- ¿De qué tienes miedo
- Tengo miedo a desatar el nudo que he hecho, miedo a que los suaves toquecitos vuelvan a oirse bajo el pecho, miedo de volver a sentir.
- Sentir es bueno ¿no?
- No te creas, es lo menos práctico que hay, significa volver a dormir poco, pensar mucho, que te duelan las sienes, que te quedes sin palabras si eres la persona más parlanchina del mundo o que solo digas tonterias cuando lo que preferirias hacer es estar callado.

- Buf, exageras.
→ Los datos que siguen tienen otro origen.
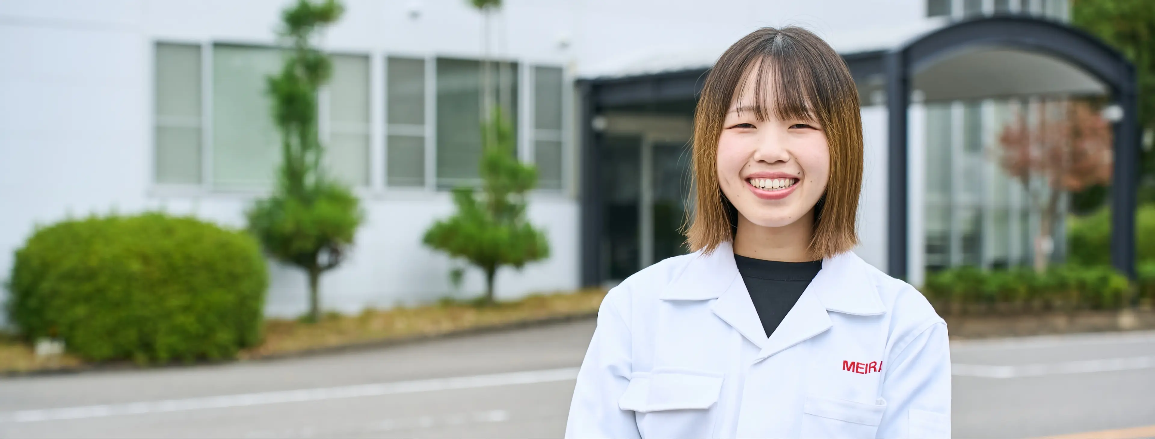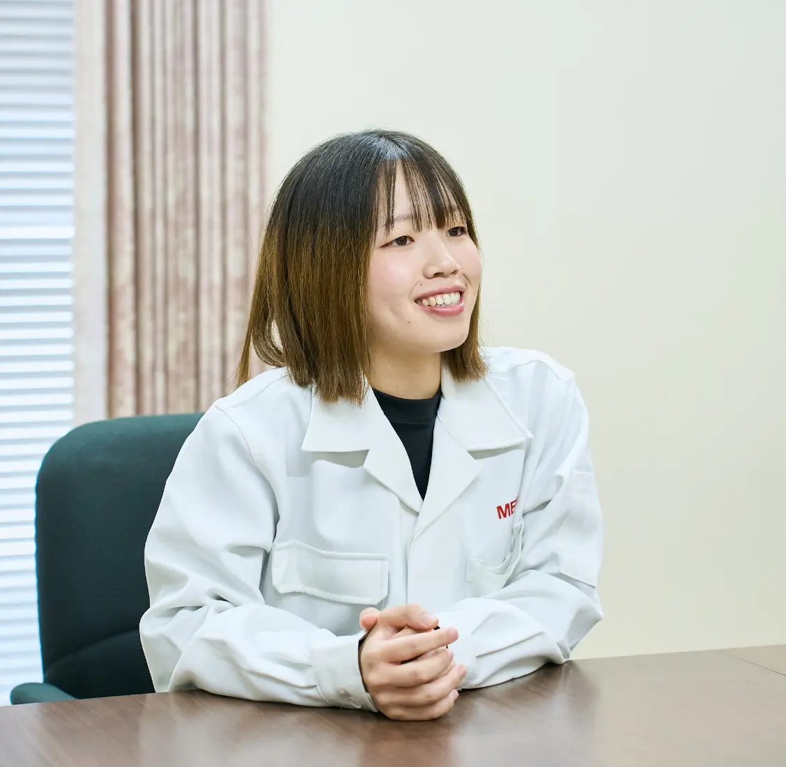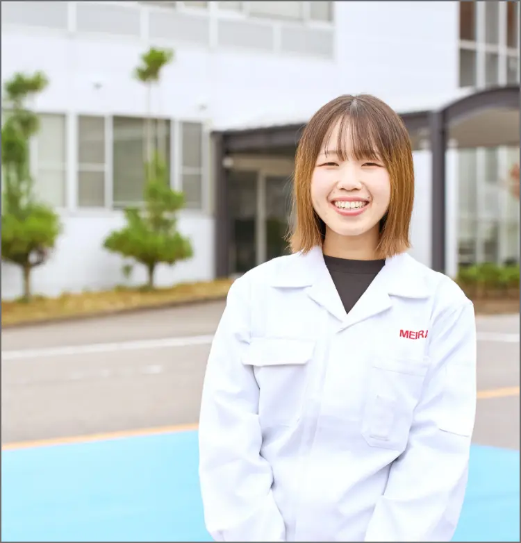 生まれも育ちも関市で、2 人いる兄も地元での就職という環境だったこともあり、高校時代から「自分も地元の関で働きたい」と考えていました。高校の先生に就職の相談をしたとき、「働きやすくていい会社があるよ」と紹介してもらったのがメイラです。夏休みに職場見学に参加し、工場のラインを見せてもらいながら説明を聞く中で、「ここにしかない技術を持っている会社なんだ」と感じました。土日休み・長期連休もしっかり取れて、安心して働ける環境があること。そして、技術力の高いメーカーで自分も成長していけそうだと思えたことが、入社を決めた大きな理由です。高校卒業後に労務担当として入社し、異動をきっかけに採用を担当するようになってから約2年。今では採用のほか、人事企画全般に携わっています。
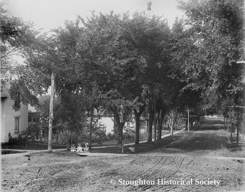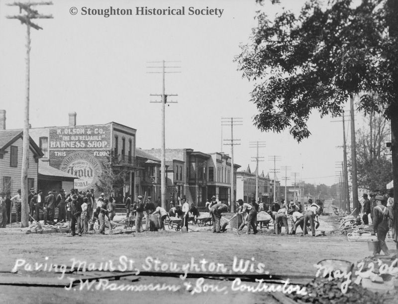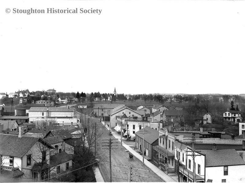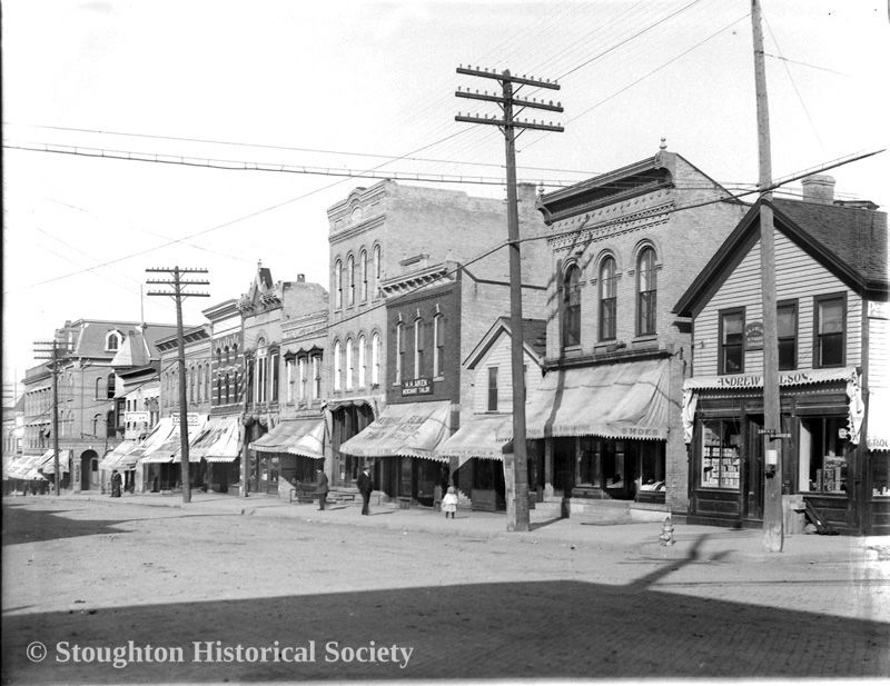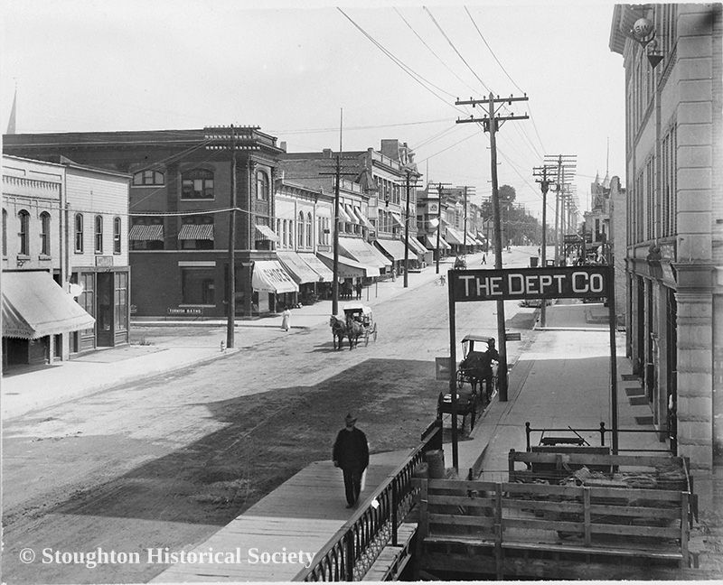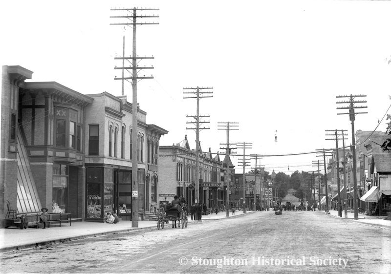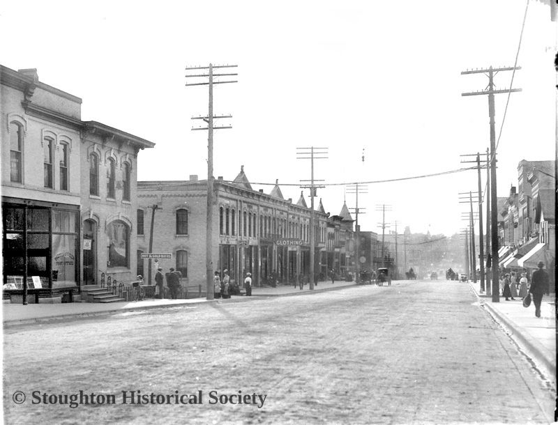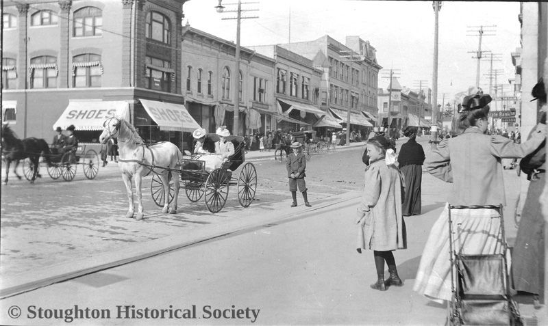Curator@HistoricStoughton.org | April 3, 2023Photo appears to be from 1907. Based on the buildings that are present, the newly paved street, and the sign on the Hyland-Olson building that reads "Our 10th A...." It's likely that this sign is advertising the 10th anniversary of the building (built in 1897).DSCF0558 web DSCF0558 web
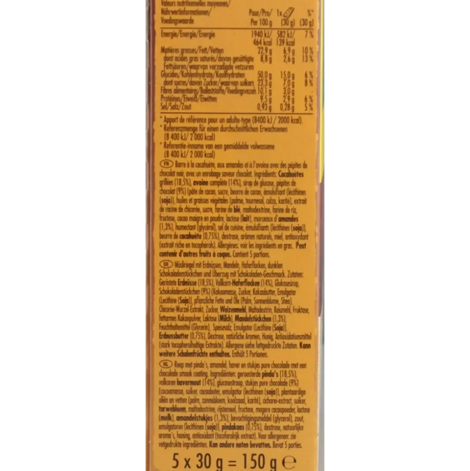 Geroosterde pinda’s (18,5%), volkoren havermout (14%), glucosestroop, stukjes pure chocolade (9%) (cocoamassa, suiker, cacaoboter, emulgator (lecithinen (soja)), plantaardige oliën en vetten (palm, zonnebloem, koolzaad, karité), cichorei-extract, suiker, tarwebloem, maltodextrine, rijstemeel, fructose, magere cacaopoeder, lactose (melk), amandelstukjes (1,3%), bevochtigingsmiddel (glycerol), zout, emulgatoren (lecithinen (soja)), pindakaas, dextrose, natuurlijke aroma’s, honing, antioxidant (tocoferolrijk extract).
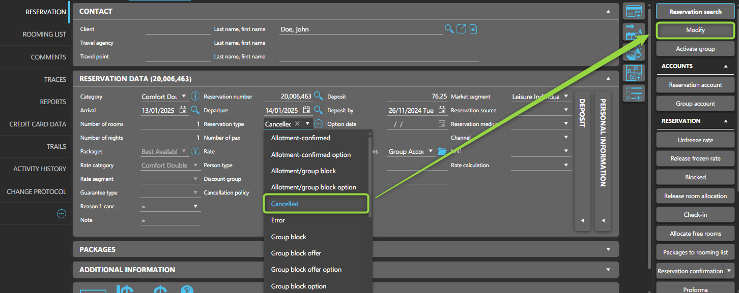 - Choose the new status (e.g., Cancelled, No-show).
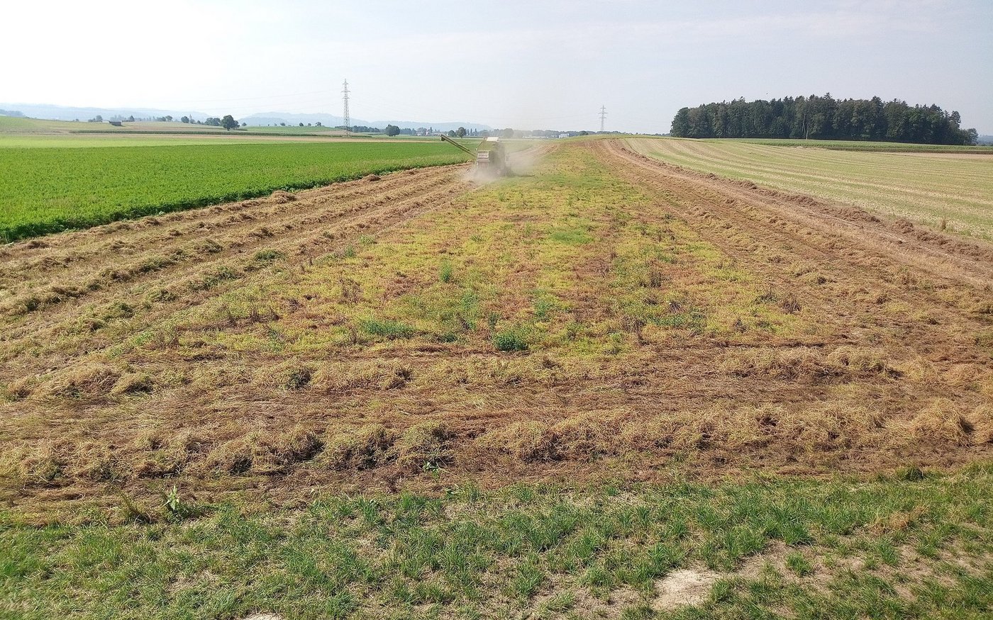 Da die zarten Pflanzen anders als z. B. Getreide mehr liegen als stehen, muss der Mähdrescher tief ansetzen. Ein Bekannter von Simon Hauert übernimmt die Ernte mit einer alten Maschine. «Wichtig ist, dass das Saatbett ganz eben und flach ist», meint der Landwirt. Sonst steige die Gefahr für Verunreinigungen. Eine Charge Linsen habe er schon wegen Sand darin entsorgen müssen.
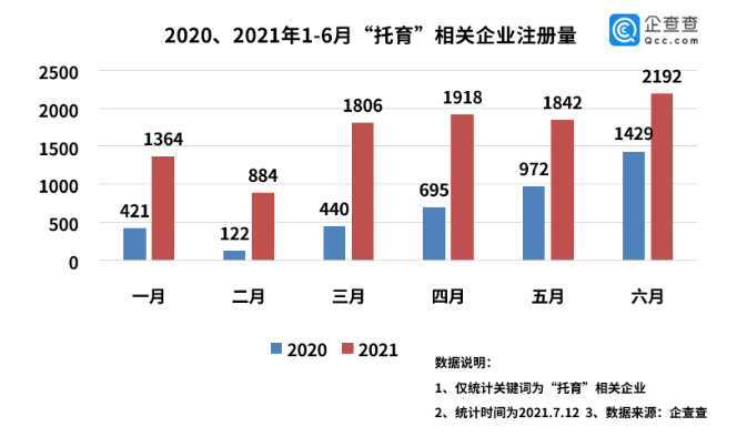 2020年,在疫情的影响下,托育相关企业注册量仍然创造了历史新高,并且增速惊人。而2021年上半年更是延续了这一增长趋势,今年1-6月新增托育相关企业1万多家。按月度来看,今年以来各月份注册量均远高于去年同期。近两年的持续走高,是否可从一定角度判断行业即将迎来爆发?
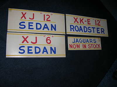 4 Vintage 1970''s Jaguar Hand Painted Auto Dealership Advertising Signs for Cars
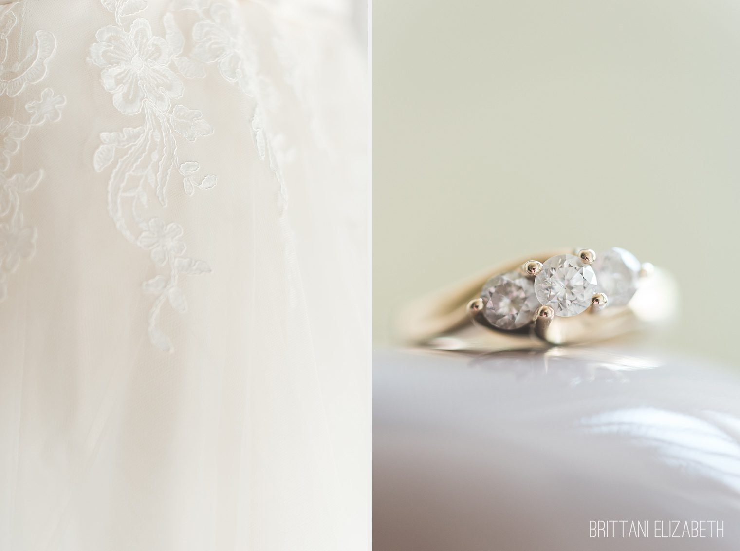 lace wedding dress yellow gold three diamond set engagement ring
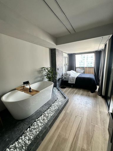 No piso superior, a área íntima é composta por:

Tú y tu modo poético de hablar siempre haciendo una montaña de todo...aunque la verdad es que siempre consigues impresionarme.
- Solo te muestro lo que pienso, lo que pienso justo en este momento, porque puede que mañana sea distinto o puede que mañana quiera creerme otras cosas o callarme algunas.
- Eres demasiado para mí.
- Yo también me siento demasiado para mí.
-Lo mejor será irse a dormir.
- ¿Dormir? Eso será si el nudo que he hecho aun tiene consistencia y no se ha desatado del todo y lo que sujete esté dispuesto a hacerme tambalear y caer.
- Bueno hoy descansa, hay días en que la cama es el refugio del alma.